--- Given material Enclosed Below ---

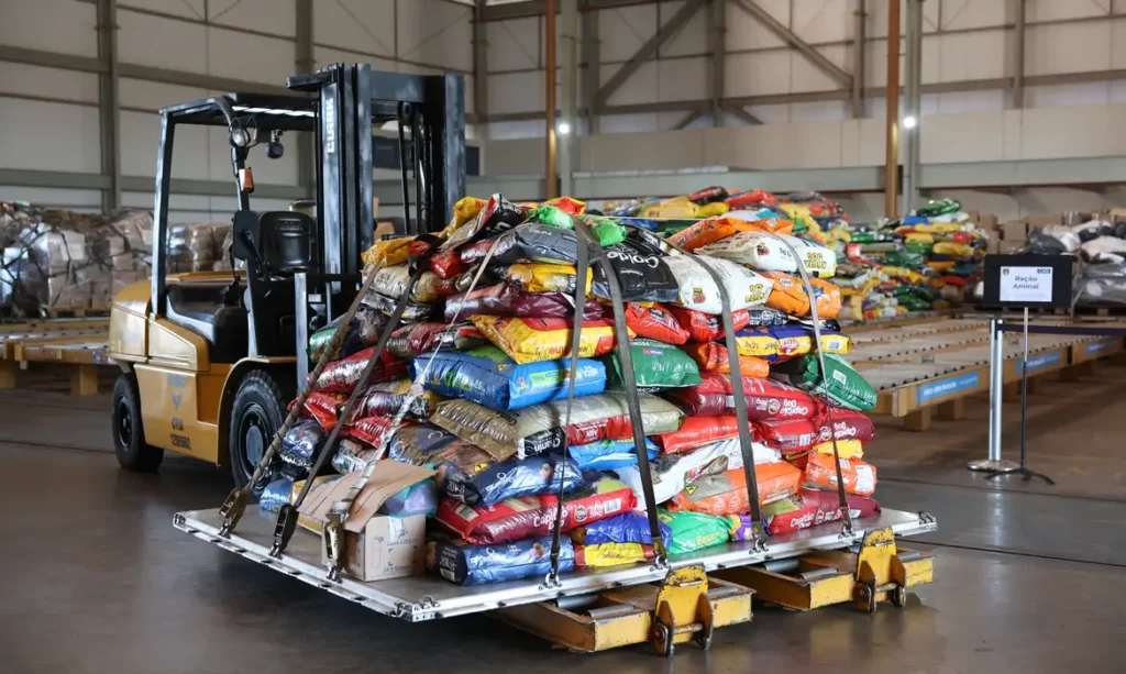 A Força Aérea Brasileira (FAB) embarcou na manhã deste sábado (18) 20 toneladas de ração doadas para o Rio Grande do Sul. Além da ração, para alimentar os cães e gatos vítimas das enchentes que devastaram a maior parte do estado, a aeronave KC-390 Millennium também levou itens essenciais para pets, como caixas de transporte, camas e bebedouros.
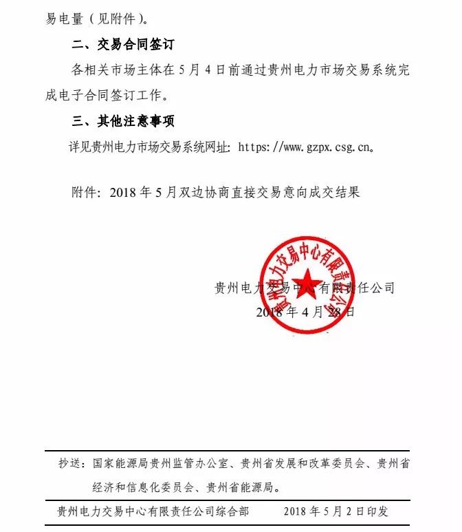 貴州電力交易中心日前發(fā)布《關(guān)于開展2018年5月雙邊協(xié)商直接交易的通知》
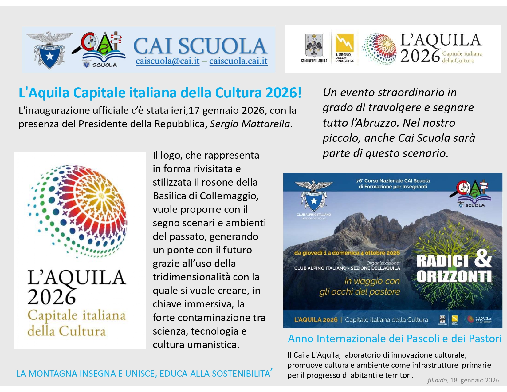 Home - News - L’Aquila Capitale italiana della Cultura 2026! – Cai Scuola
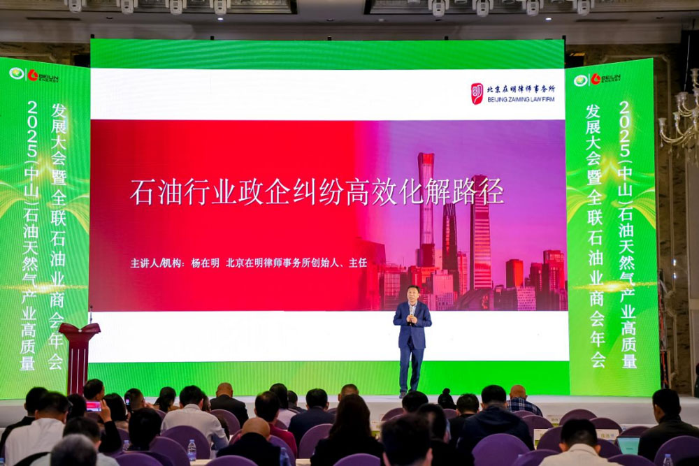 在当前能源结构转型升级、监管强化的经营环境下,经济与政策环境的交织影响,给石油天然气产业带来了更加严峻的挑战。12月20日,一场聚焦行业高质量发展的盛会——2025(中山)石油天然气产业高质量发展大会暨全联石油业商会年会于广东中山成功举行。本次会议以“聚合 赋能 共赢”为主题,汇聚了近两百位业内代表、行业专家及资深从业者,共商经营发展。主任杨在明律师应邀代表出席,并围绕行业普遍关注的“政企纠纷化解”这一核心议题,发表了务实的专业见解。与会期间,北京在明律师事务所(以下简称“在明律所”)与全联石油业商会达成战略合作。

--- End of Enclosed Given material ---

The listing above must be retyped word for word, without the pictures.

**Result below:**
 A Força Aérea Brasileira (FAB) embarcou na manhã deste sábado (18) 20 toneladas de ração doadas para o Rio Grande do Sul. Além da ração, para alimentar os cães e gatos vítimas das enchentes que devastaram a maior parte do estado, a aeronave KC-390 Millennium também levou itens essenciais para pets, como caixas de transporte, camas e bebedouros.
 貴州電力交易中心日前發(fā)布《關(guān)于開展2018年5月雙邊協(xié)商直接交易的通知》
 Home - News - L’Aquila Capitale italiana della Cultura 2026! – Cai Scuola
 在当前能源结构转型升级、监管强化的经营环境下,经济与政策环境的交织影响,给石油天然气产业带来了更加严峻的挑战。12月20日,一场聚焦行业高质量发展的盛会——2025(中山)石油天然气产业高质量发展大会暨全联石油业商会年会于广东中山成功举行。本次会议以“聚合 赋能 共赢”为主题,汇聚了近两百位业内代表、行业专家及资深从业者,共商经营发展。主任杨在明律师应邀代表出席,并围绕行业普遍关注的“政企纠纷化解”这一核心议题,发表了务实的专业见解。与会期间,北京在明律师事务所(以下简称“在明律所”)与全联石油业商会达成战略合作。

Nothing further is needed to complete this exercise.